Originally Posted by woodworkbykirk (Post 1086667)
ive installed thousands of feet of it and ive never had issues, sounds like your using the wrong jigsaw blade or your using a circ saw blade thats dull or not high enough a tooth count.. for finish work you have to use a 40 tooth circ saw blade.. a craftsman doesnt blame the tool he knows how to adapt and change things so they always get the results they want

also 3 boards isnt a big deal, if you allow for waste and 5% error in your estimate it wouldnt have been an issue.

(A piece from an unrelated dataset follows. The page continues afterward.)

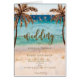 Eine schöne gefaltete Kartenhochzeitseinladung mit Palmen eines tropischen Strandes und entwerfen, mit Schnurlichtern. Fertigen Sie die Front besonders an und addieren Sie Ihre eigene Mitteilung nach innen. Verfügbar auf vielen anderen Produkten in meinem Geschäft in diesem Strandentwurf.
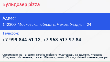 Бульдозер pizza по адресу 142300, Московская область, Чехов, Уездная, 24 в дальнейшем Организация, размещена в следующих категориях:

Ever try the saber saw blades that have teeth that cut downward? Harder to hold down but can cut from the finish side.

joecaption 01-05-2013 10:26 AM

Works fine but the saws sole can leave marks unless you use some blue tape.

woodworkbykirk 01-05-2013 11:33 AM

i hate those blades i just use coping blades by bosch

TrailerParadise 01-05-2013 10:24 PM

Sounds like a lot of headache when you can easily use an oscillating multi tool and get it over with. No tape required, no special blades, the blade is $4. OP, if you want to save yourself a lot of time, a lot of energy, and a lot of money, use an oscillating tool. Those sheets are expensive.

joecaption 01-05-2013 10:27 PM

I agree, my ossilating saw and my drill driver are my go to tools for a ton of jobs.